Question

f(x) = x³  (x \[-\] 1)² .

Answer 1

\[\text { Given }: f\left( x \right) = x^3 \left( x - 1 \right)^2 \]

\[ \Rightarrow f'\left( x \right) = 3 x^2 \left( x - 1 \right)^2 + 2 x^3 \left( x - 1 \right)\]

\[\text { For a local maximum or a local minimum, we must have }\]

\[ f'\left( x \right) = 0\]

\[ \Rightarrow 3 x^2 \left( x - 1 \right)^2 + 2 x^3 \left( x - 1 \right) = 0\]

\[ \Rightarrow x^2 \left( x - 1 \right)\left\{ 3x - 3 + 2x \right\} = 0\]

\[ \Rightarrow x^2 \left( x - 1 \right)\left( 5x - 3 \right) = 0\]

\[ \Rightarrow x = 0, 1, \frac{3}{5}\]

Since f '(x) changes from negative to positive when x increases through 1, x = 1 is the point of local minima.

The local minimum value of  f (x)  at x = 1 is given by \[\left( 1 \right)^3 \left( 1 - 1 \right)^2 = 0\]

Since f '(x) changes from positive to negative when x increases through \[\frac{3}{5}\], x = \[\frac{3}{5}\] is the point of local maxima.
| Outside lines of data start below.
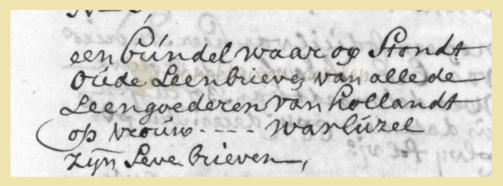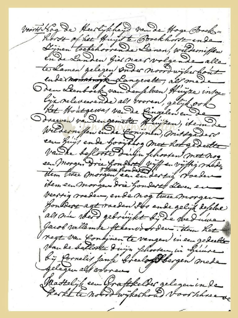 – Ende nog in twee stukken teelland als voren genaamt de hooge warinckhorst ofte varinckkasse ende hebbende laatstelijk nog een achterleen groot drie mogen land leggende in de ban van noordwijk gelegen tussen de warande van de boekhorst en die hoge duinen, die dezelfde warande belegen heeft aan het oosteinde, te verheerwaden met een stoop Rijnse wijn of vier schellingen Hollands, volgens het laatste leenboek van 4 maart 1713 voor de stadhouder van den huize te boekhorst en leenmanner voor het laatst verleijd op Cornelis Jacobszoon van der Speck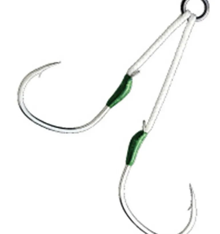 - Tandem outwards pointing hooks, ideal for slow pitch jigging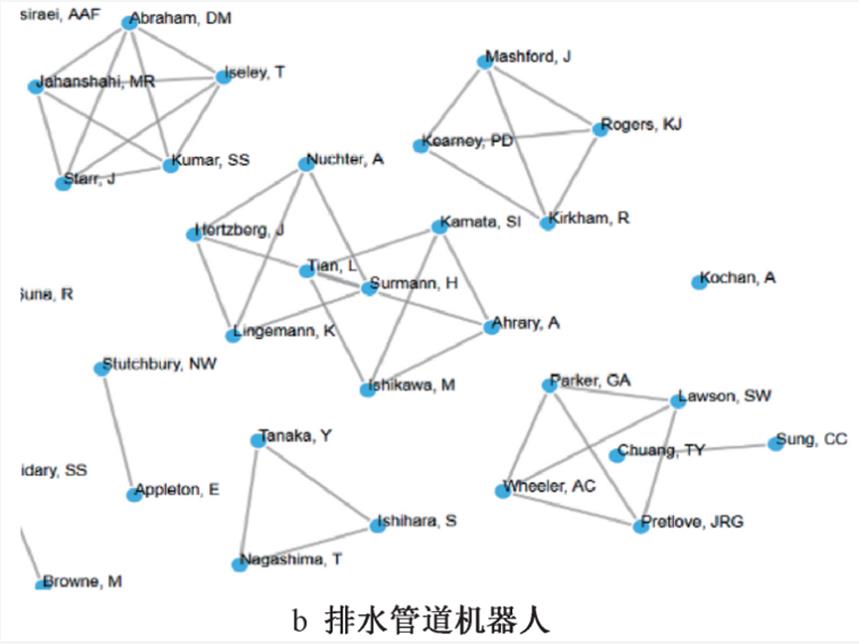圖1 管道機器人及排水管道機器人作者合作關(guān)系網(wǎng)絡(luò)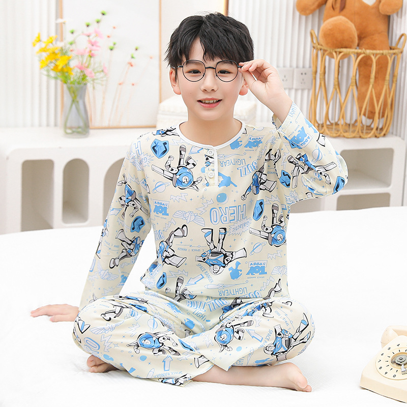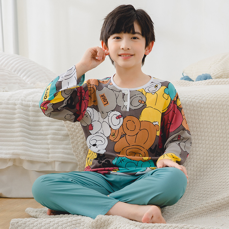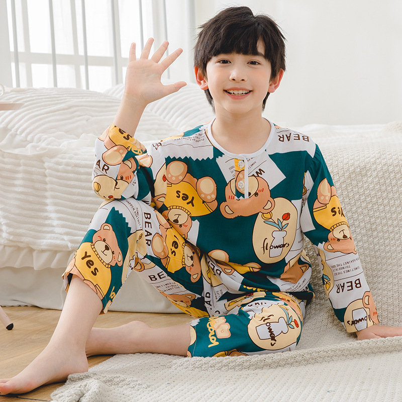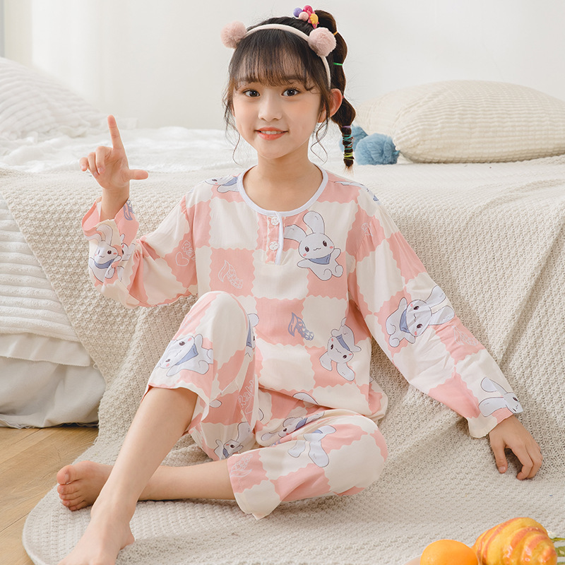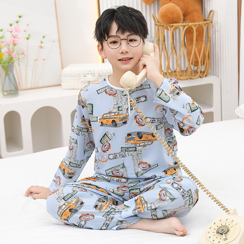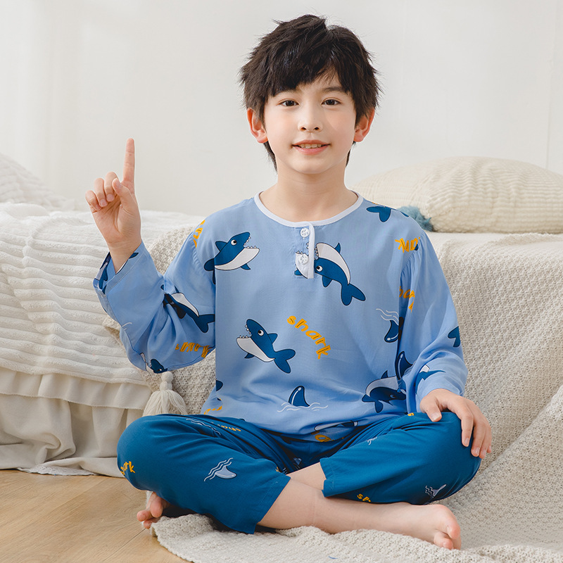 새로운 아동용 면화 실크 잠옷 여름 얇은 소년 소녀면 실크 긴 소매 세트 lyocell 홈 의류 도매스토어 가기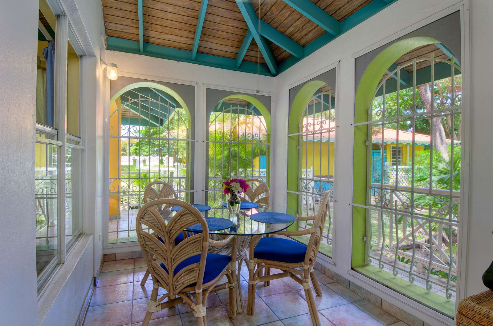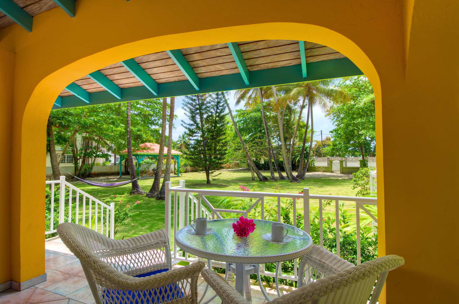 Set in a tropical, grassy walled garden, your personal porch is the perfect spot to enjoy a bite to eat or read a good book. You’ll be surrounded by kalabash, banana, coconut and almond trees, flowering hibiscus bushes and blooming bougainvillea – a blissful backdrop for lazing in a hammock or BBQing up a feast in the communal gazebo. Whilst there might not be beach views, this luscious garden area really whisks you away into a tropical paradise.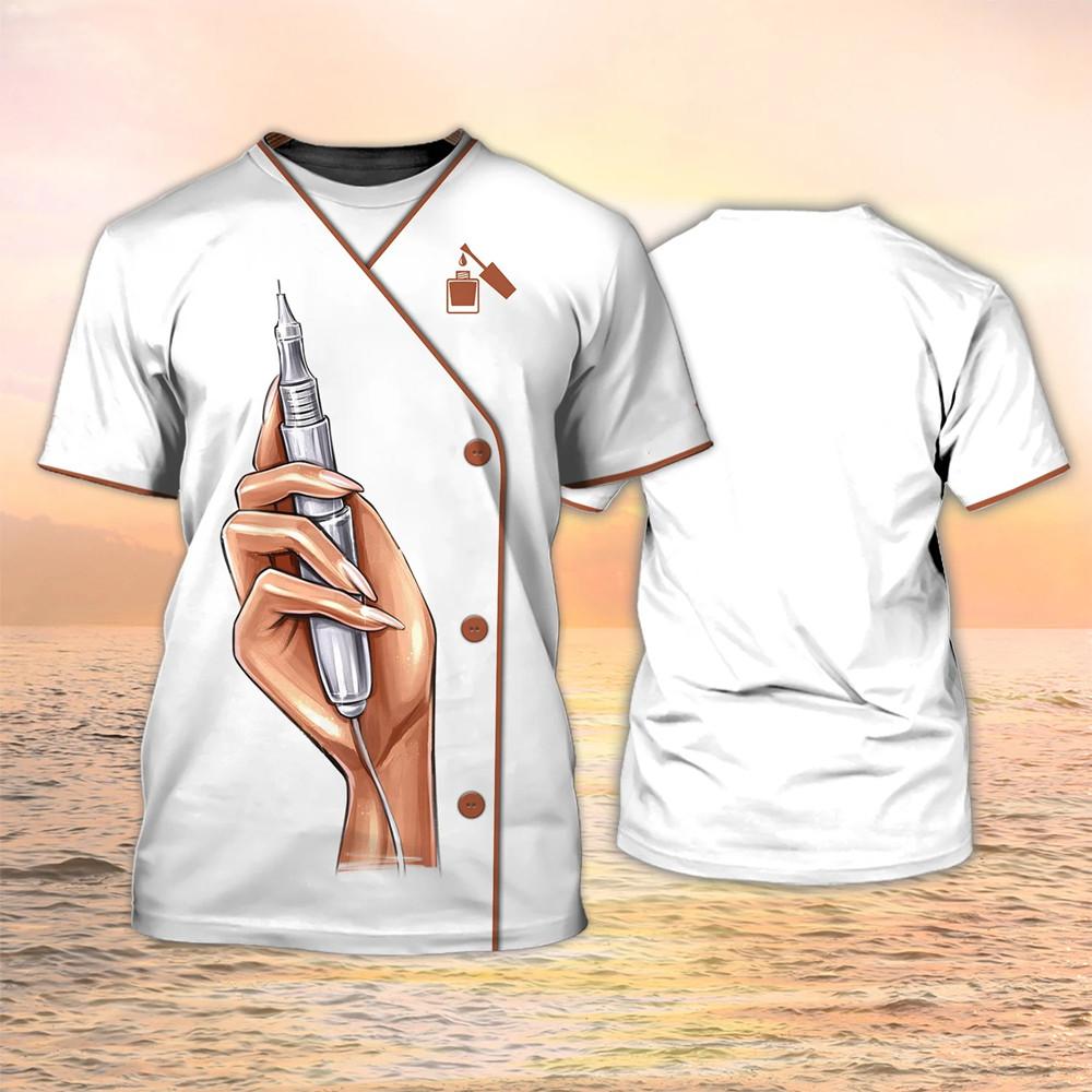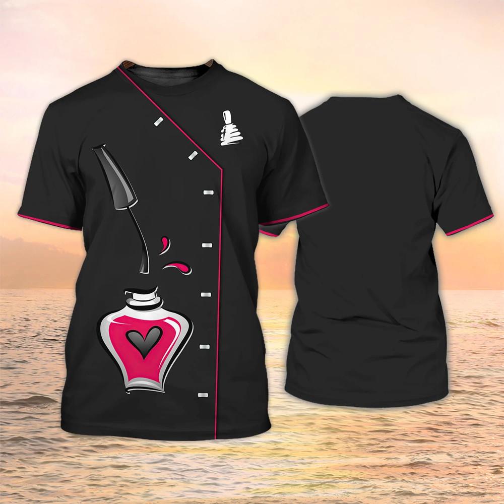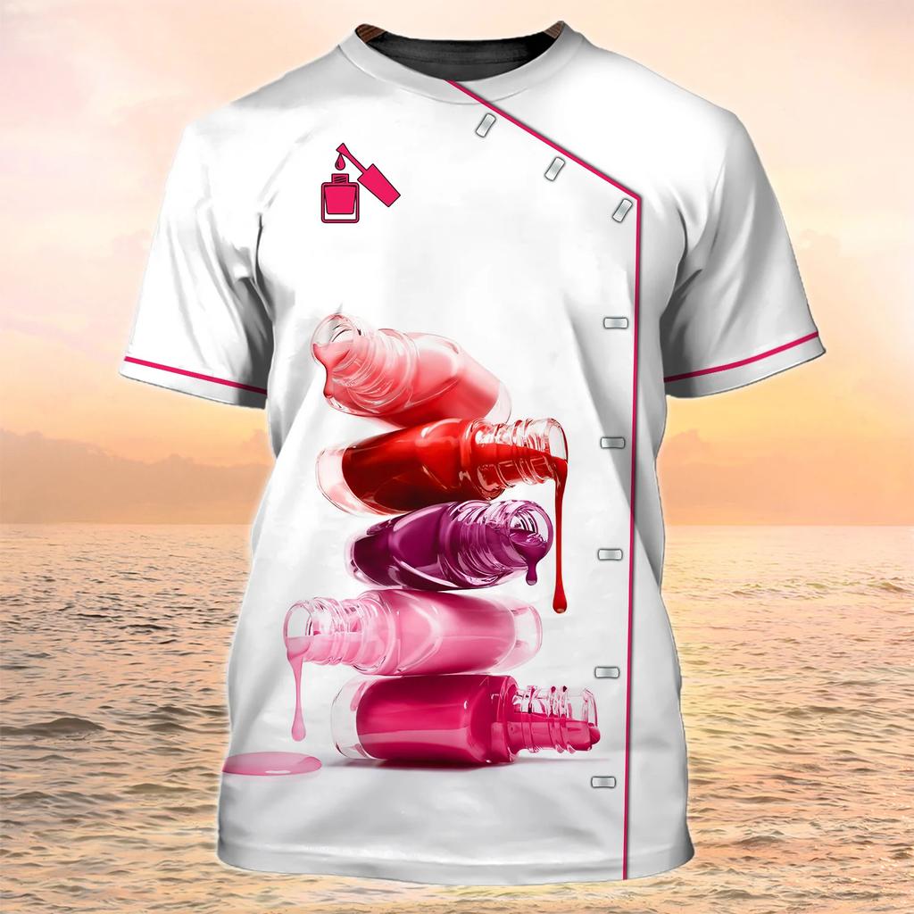 Летний модный пуловер, женские повседневные топы, маникюрная 3D-футболка для женщин, футболки с коротким рукавом в стиле Харадзюку с принтом лака для ногтей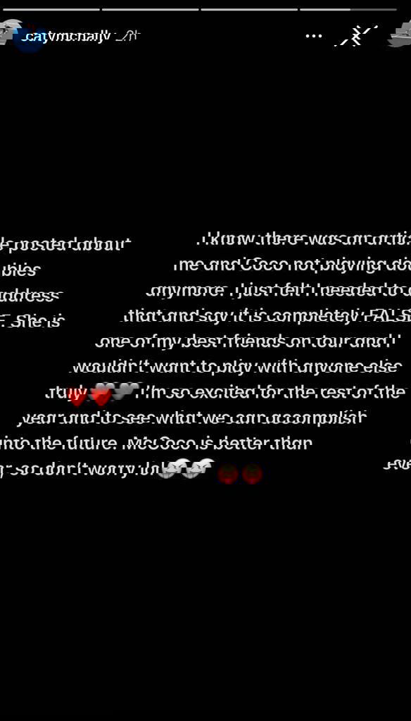 “She is one of my best friends on tour and I wouldn’t want to play with anyone else truly I’m so excited for the rest of the year and to see what we can accomplish into the future. McCoco is better than ever, so don’t worry lol.”

The local minimum value of  f (x) at x =  \[\frac{3}{5}\] is given by \[\left( \frac{3}{5} \right)^3 \left( \frac{3}{5} - 1 \right)^2 = \frac{27}{125} \times \frac{4}{25} = \frac{108}{3125}\]

Sincef '(x) does not change from positive as x increases through 0, x = 0 is a point of inflexion.